An investigation by the NBA is due, too, and we should be curious about exactly what the goals of that exercise will be. Adam Silver is the NBA’s commissioner, and it will be his selection and direction of third-party investigators that sets the tone for how the Clippers will be looked at. But there is a perpetual question about Silver, which is also a question about any major sports league commissioner: does he manage the team owners, or do they manage him? That question can’t quite be answered, and even if it could, it wouldn’t necessarily tell us what might happen here.


That’s because some teams might be out for blood, angry that L.A. used owner Steve Ballmer’s endless pockets to skirt the rules—but they might only be angry right now, before they realize the implications of pursuing too broad of a penalty. Leonard’s $28 million are, through one lens, just an extra-big version of what many, maybe all, NBA teams do. It is standard practice, for better or worse, for teams to facilitate business between star players and sponsors, whether they’re sprawling and dubious environmental activism organizations or simply local businesses; we’ve all heard jokes about unambitious veteran players staying in one market so that they can open more car dealerships and restaurants there, setting up a cozier post-playing existence.


Leonard’s arrangement, should it be proven as an explicitly Clippers-led coordination, is obviously a more flagrant and illegal method of player enrichment than those traditions. Let’s be clear, though: there is a big difference between U.S. law and the NBA’s rules for how its teams can and can’t do business. The latter system is somewhat fictional, compared to the former. It is a pretext for fairness and balance, often flouted in small ways. It has some overlap with the bigger, more concrete legal system, but only some. And the invention and enforcement of NBA legality is much more art than science.


So there is a lot to consider here. Likely more than anyone has publicly said. Those who have followed the increasingly complex evolution of the NCAA since the bigger (real) legal system broke apart their previous (non)payment system can tell you that the can of worms goes deeper than you might think. Since the NCAA can was opened, the worms have never stopped flowing, and who knows how the big mess of transfer portals, celebrification, and sponsorship mania of collegiate sports will look even a year from now?

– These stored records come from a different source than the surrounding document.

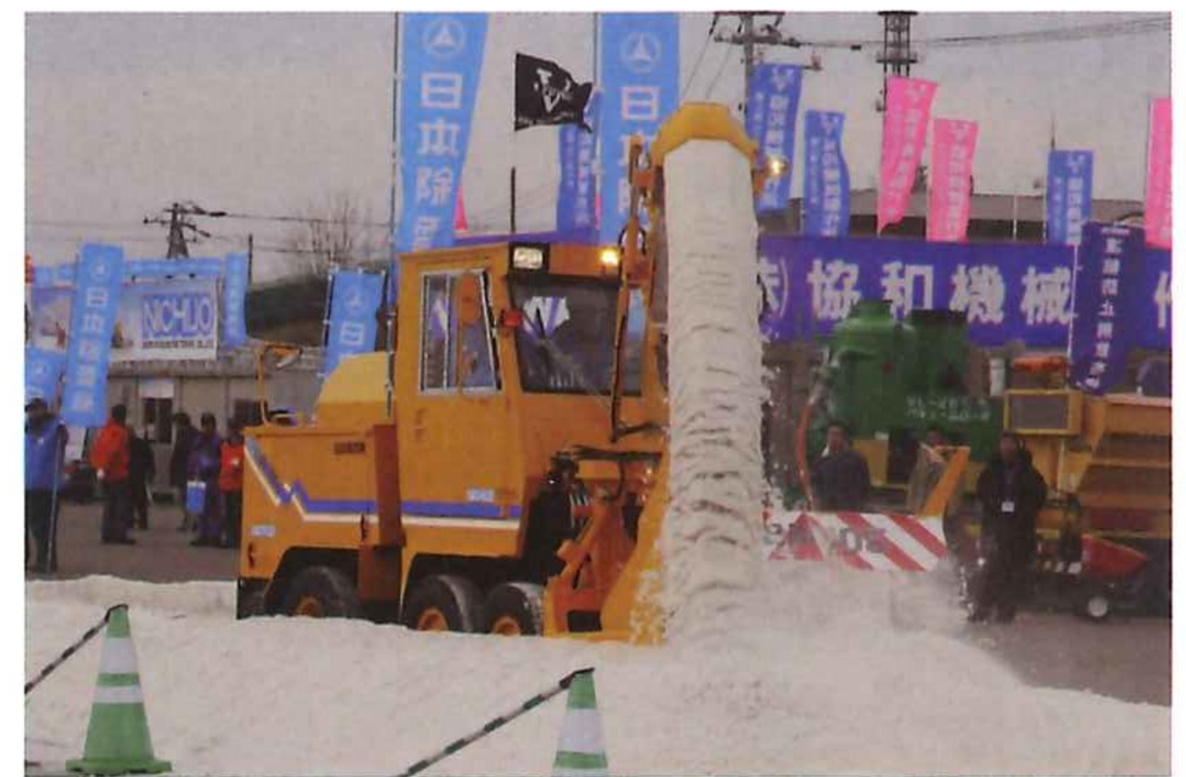
写真-3 ロータリ除雪車の実演
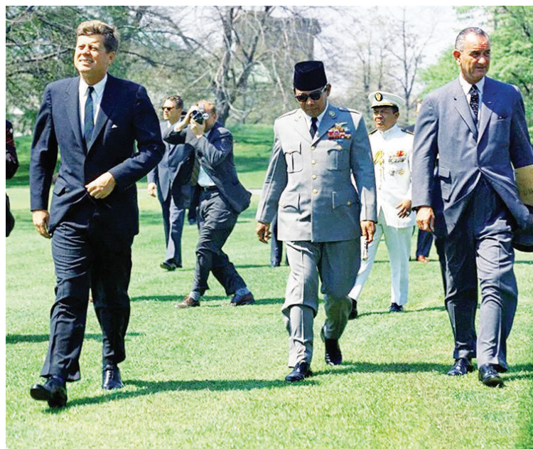
1961年,苏加诺与肯尼迪、约翰逊

将经济援助与其去留相联系的情况下。次年3月,陆军以武力向苏加诺逼宫,迫使其发表了放弃总统之位的“三月十一日命令”。第二天,苏哈托又以此命令为基础宣布解散印尼共产党,彻底掌握了政权。
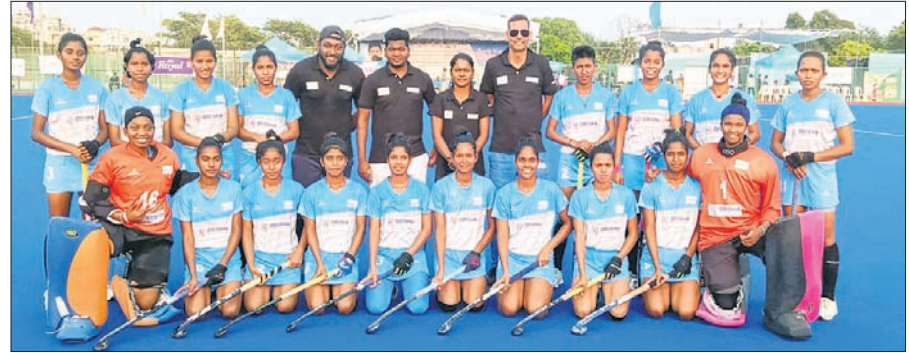
ଦିଲ୍ଲୀ ବିପକ୍ଷରେ ବିଜୟୀ ଓଡ଼ିଶା କ୍ରୀଡ଼ାକର୍ମୀମାନଙ୍କର ସମାପ୍ତି ସମୟରେ ।

ସୋନିପତ, ୨୮୩ (ପି.ସି.): ବିଶ୍ୱ ନମ୍ବର ୨ ଦୀପିକା କୁମାରୀ ଆଗାମୀ ଏସିଆନ୍ ଗେମ୍ସ ପାଇଁ ଭାରତୀୟ ଆର୍ତ୍ତେତି ଦଳରୁ ବାଡ଼ ହେବ। ସେମାନେ ୨୦୨୨ରେ ପ୍ରଥମଥର ପାଇଁ ଦୀପିକା ଭାରତୀୟ ଦଳରୁ ବାଡ଼ ହେବେ। ସେମାନେ ୨୦୨୨ରେ ପ୍ରଥମଥର ପାଇଁ ଦୀପିକା ଭାରତୀୟ ଦଳରୁ ବାଡ଼ ହେବେ।
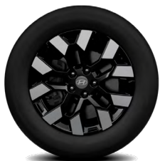
Jantes en alliage de 18 po De série avec la version Preferred
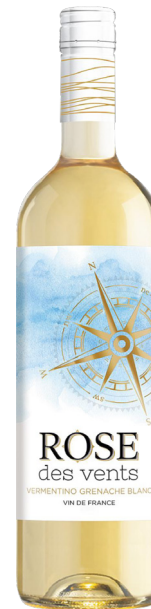
ROSE DES VENTS LUSSAC-SAINT-EMILION Vermentino 75%, Grenache Blanc 25%
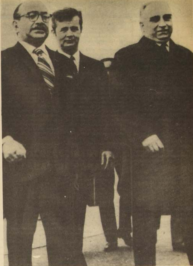
VARSOVIA. El canciller chileno, Clodomiro Almeyda, es recibido por su colega polaco Stefan Jedrychowski a su llegada al aeropuerto local. Almeyda cumple una gira de un mes por los países socialistas de Europa y algunos occidentales.

Agradeció durante la entrevista la estancia en Chile de especialistas en minería polacos y expresó la confianza en que podrían contar con una asistencia similar en el futuro. También se refirió Allende al nivel alcanzado por Polonia en la construcción de barcos y dijo que era un asunto que tenía particular interés para Chile en vista del desarrollo del programa sobre la flota mercante. El Canciller chileno visitó hoy al Ministro de Relaciones Exteriores polaco Stefan Jedrychowski, recorrió Varsovia y en horas de la noche asistió a la representación de la ópera "Rey Roger" de K. Szymanowski en el Gran Teatro.
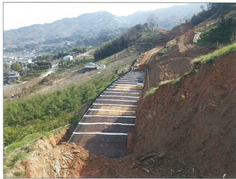
写真区分: 施工状況写真 工種: 補強土壁工 種別: ジオテキスタイル工 撮影箇所: 8段目 写真タイトル: 排水マット敷設完了
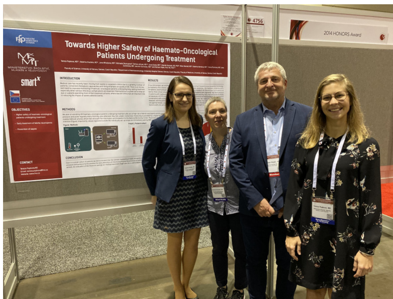
Poster ASH 2020

Lékaři naší kliniky se věnují řadě vědeckých, výzkumných a publikačních aktivit, za které byli oceněni na národní i nadnárodní úrovni.
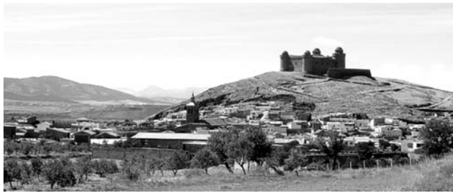
Die Burg La Calahorra am Fuß der Sierra Nevada
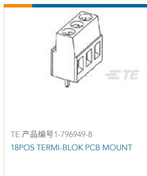
TE 产品编号1-796949-8 18POS TERMI-BLOK PCB MOUNT
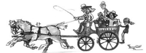
Les attelages de la forêt
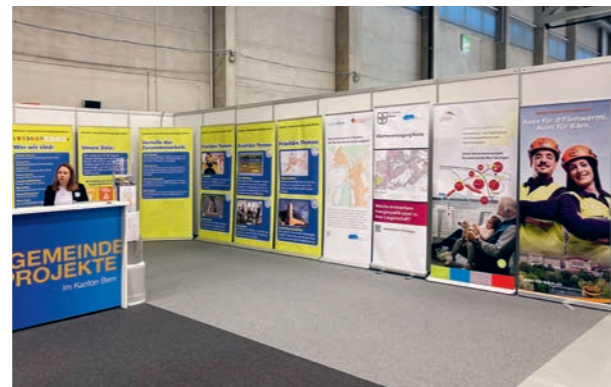
Gemeindeplatz bei den Energy Future Days an der Hausbau und Energie Messe BERNEXPO
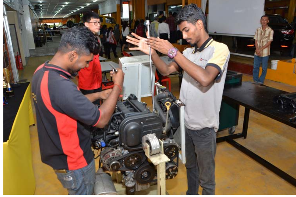
எஸ்.எல்.சி அவுட்டோமோடிவ் கற்றல் மையத்தில் பயிலும் இந்திய மாணவர்கள்

மனித மூலதனத்தை உருவாக்க கல்வி தகுதி மட்டுமின்றி ஆற்றலும் திறமையும் கொண்ட மாணவர்களைத் தேர்வு செய்வதை மாநில அரசு உறுதிச்செய்யும் என நம்பிக்கை தெரிவித்தார். இதன்மூலம், அந்நிய தொழிலாளர்களின் இறக்குமதியை வருங்காலங்களில் குறைக்க இம்மாதிரியான தொழில்திறன் மையங்கள் ஒரு மையகல்லாக அமையும் என்பது
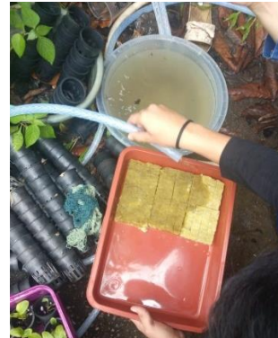
Gambar 5. Pengaturan PH Air

Kegiatan tersebut menghasilkan benih siap tanam pada umur satu minggu. Kegiatan selanjutnya dilakukan dengan bekerja sama dengan Ibu-Ibu PKK daerah Plaju Darat yaitu pelatihan penyemaian benih baru tanaman berupa benih pakcoi dan penanaman pada pipa hidroponik. Dalam pelatihan juga dijelaskan mengenai cara pembuatan dan perawatan hidroponik. Gambar 6 menunjukkan pelatihan bersama ibu-ibu PKK Plaju Darat. Pelatihan ini dihadiri oleh 20 orang Ibu-Ibu PKK daerah Plaju Darat.
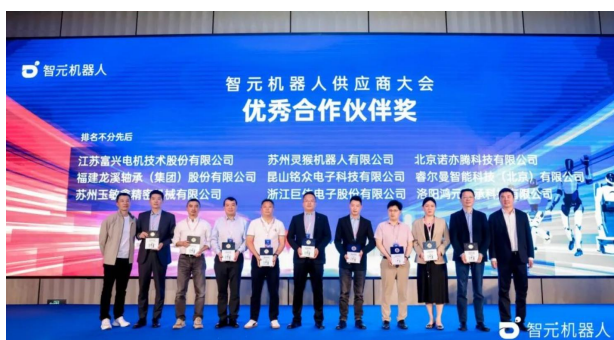
图1：智元供应商大会照片 1

2025 年 3 月 26 日，智元机器人首次在上海举办盛大的供应商大会，参会供应商超 200 家。会上，智元机器人向包括龙溪股份、蓝思科技、中大力德、博众精工、鼎智科技等多家企业授予“优秀供应商”称号，表彰他们在技术创新、交付效率及服务品质上的杰出表现。智元机器人首次全面披露了技术发展蓝图与供应链战略。未来 5 到 10 年，智元机器人希望逐步实现每年量产 1 万至 100 万台人形机器人的目标。

The NBA, like the NCAA, is a big old money machine with all kinds of runoffs and moving parts that are not plainly visible to its fans. Some might be enraged to see them, and others might not care at all. Silver and the owners have to decide what matters to them with the public, and square that with the competitive instincts of teams trembling with hurt feelings over these new suspicions. The merits of forthcoming evidence are still mysterious, but we may soon see just how much the NBA’s rules are about P.R. and billionaire mollification as opposed to actual justice.